* [INPUT DATA]:
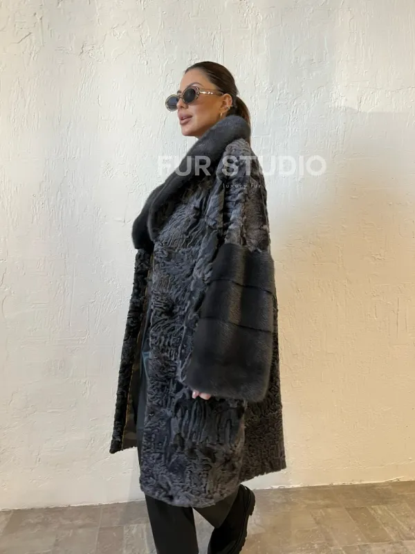 Шуба из меха каракульчи с отделкой из норки 100367
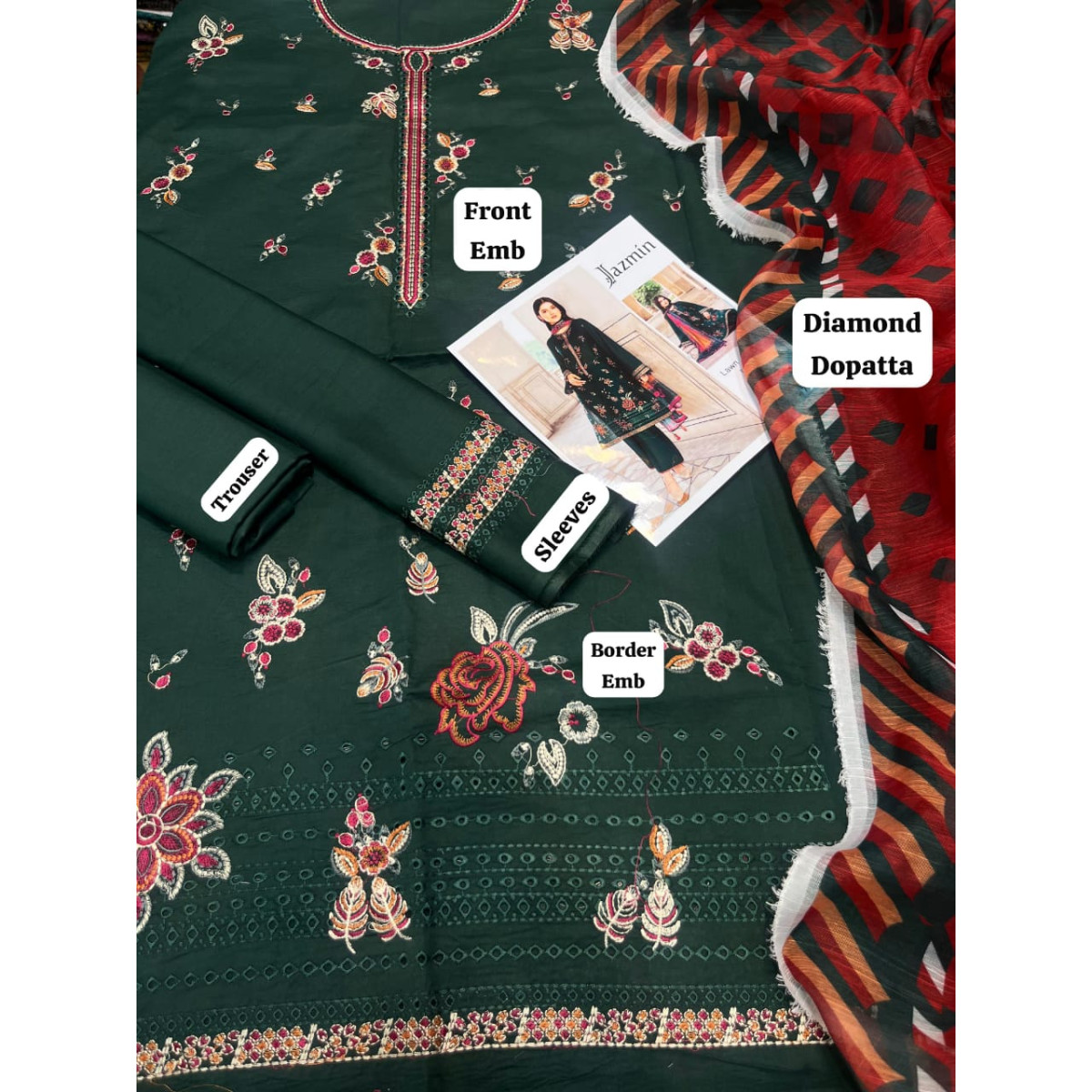 Luxury Collection Hit Code Available on Fine Quality Lawn with Mnarak Diamond Dopatta
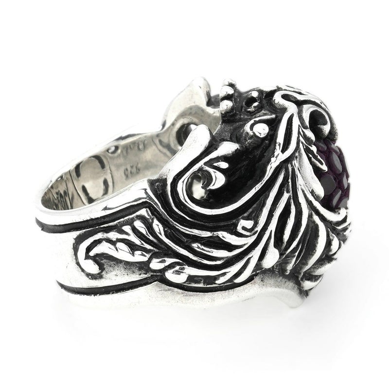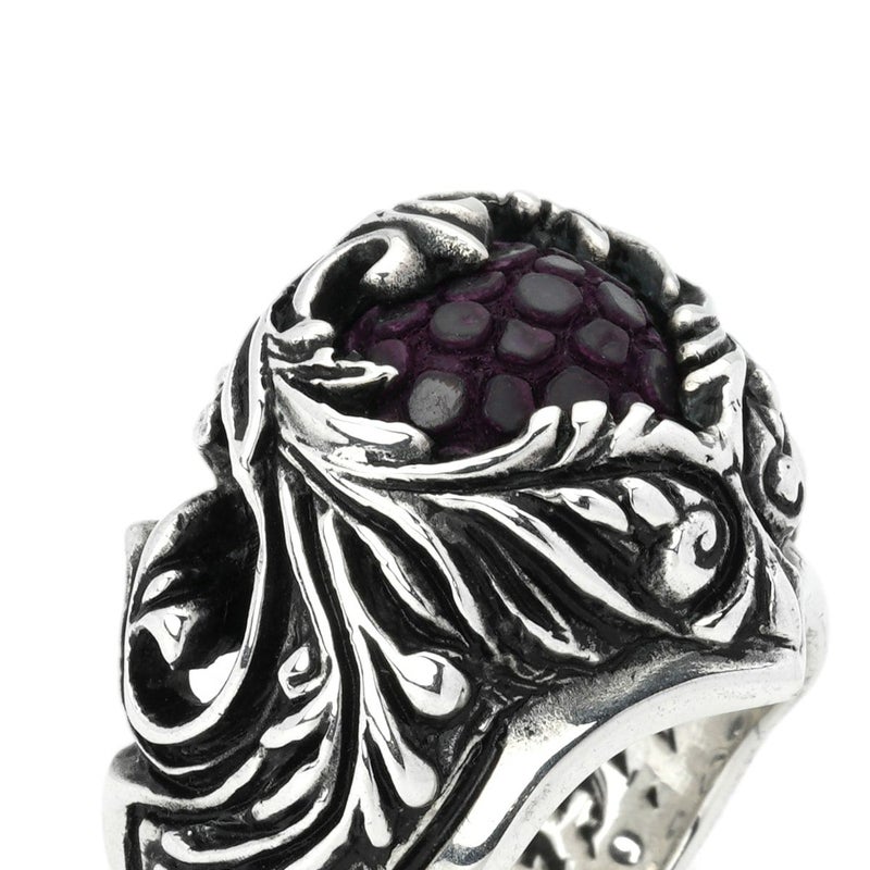 北欧に伝わる伝統的なスクロール柄で表現されたリングの中央に、スティングレイレザーを組み合わせたアイテム。その佇まいは、カラーにより全く異なる表情を見せてくれる。
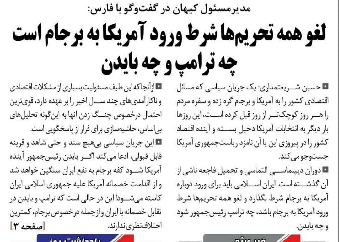حسین شریعتمداری مدیر کیهان: لغو همه تحریم ها شرط ورود آمریکا به برجام است
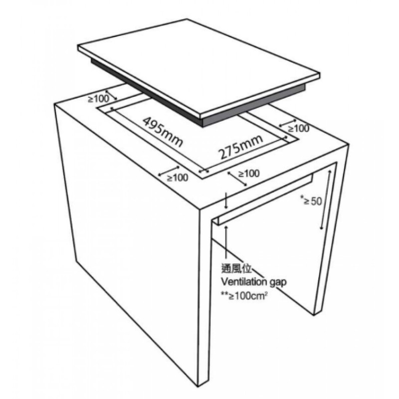 開孔:W275 x D495 mm | 保養期: 2年
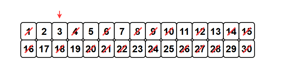 3️⃣ 다음 지워지지 않은 수를 선택하고 선택한 수의 모든 배수를 삭제합니다.
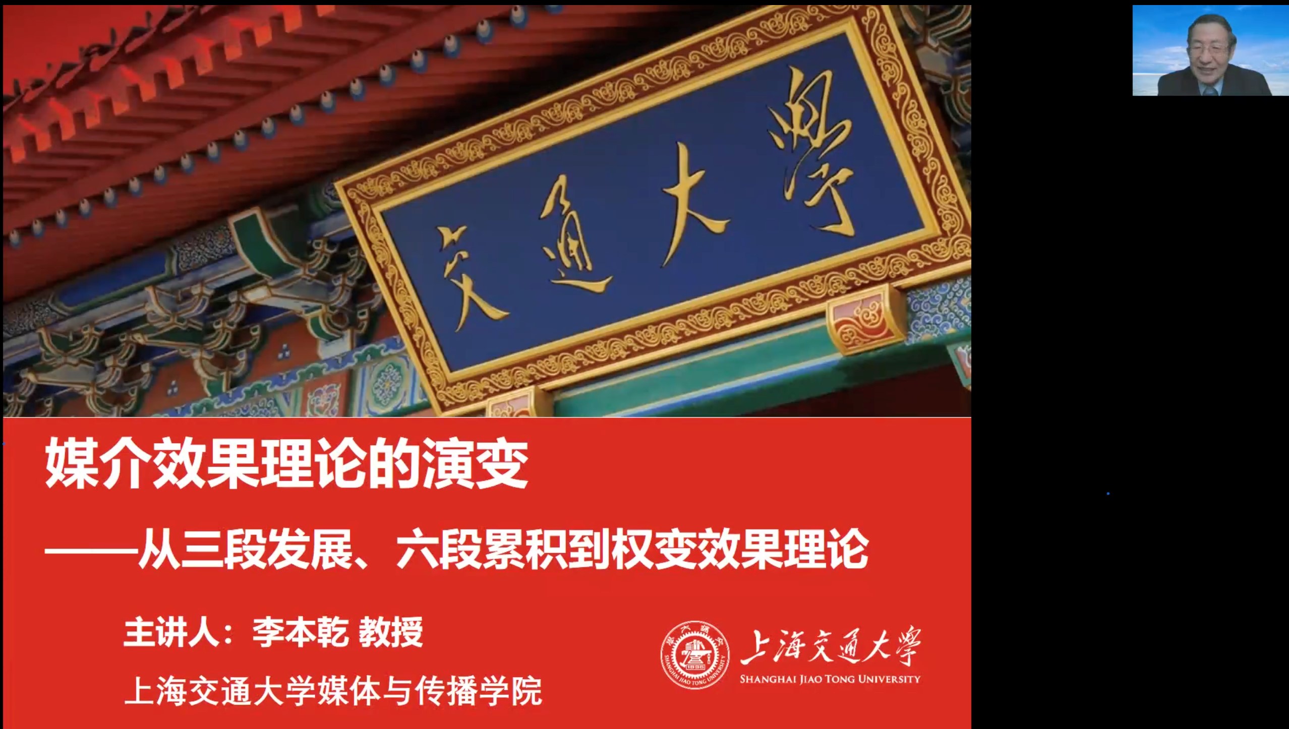 4月14日下午两点,华东师范大学人文社会科学“知名学者学术讲座”在腾讯会议平台举行。本场讲座由上海交通大学媒体与ag亚游 院长李本乾教授主讲,他以“媒介效果理论的演变——从三段发展、六段累积效果到权变效果理论“为主题,通过对不同阶段媒介效果理论的梳理与研判,为不断演化和变迁的传播格局、媒介生态和传媒环境提供了新的解读视角。ag亚游 副院长陈虹教授主持了本场讲座,三百余位听众在线参与。

* [WORK REQUIRED]: In the records above, find the line containing "حسین شریعتمداری مدیر" and restate it and every line after it word for word, all pictures excluded.

* [THE COMPLETED TASK]:
حسین شریعتمداری مدیر کیهان: لغو همه تحریم ها شرط ورود آمریکا به برجام است
 開孔:W275 x D495 mm | 保養期: 2年
 3️⃣ 다음 지워지지 않은 수를 선택하고 선택한 수의 모든 배수를 삭제합니다.
 4月14日下午两点,华东师范大学人文社会科学“知名学者学术讲座”在腾讯会议平台举行。本场讲座由上海交通大学媒体与ag亚游 院长李本乾教授主讲,他以“媒介效果理论的演变——从三段发展、六段累积效果到权变效果理论“为主题,通过对不同阶段媒介效果理论的梳理与研判,为不断演化和变迁的传播格局、媒介生态和传媒环境提供了新的解读视角。ag亚游 副院长陈虹教授主持了本场讲座,三百余位听众在线参与。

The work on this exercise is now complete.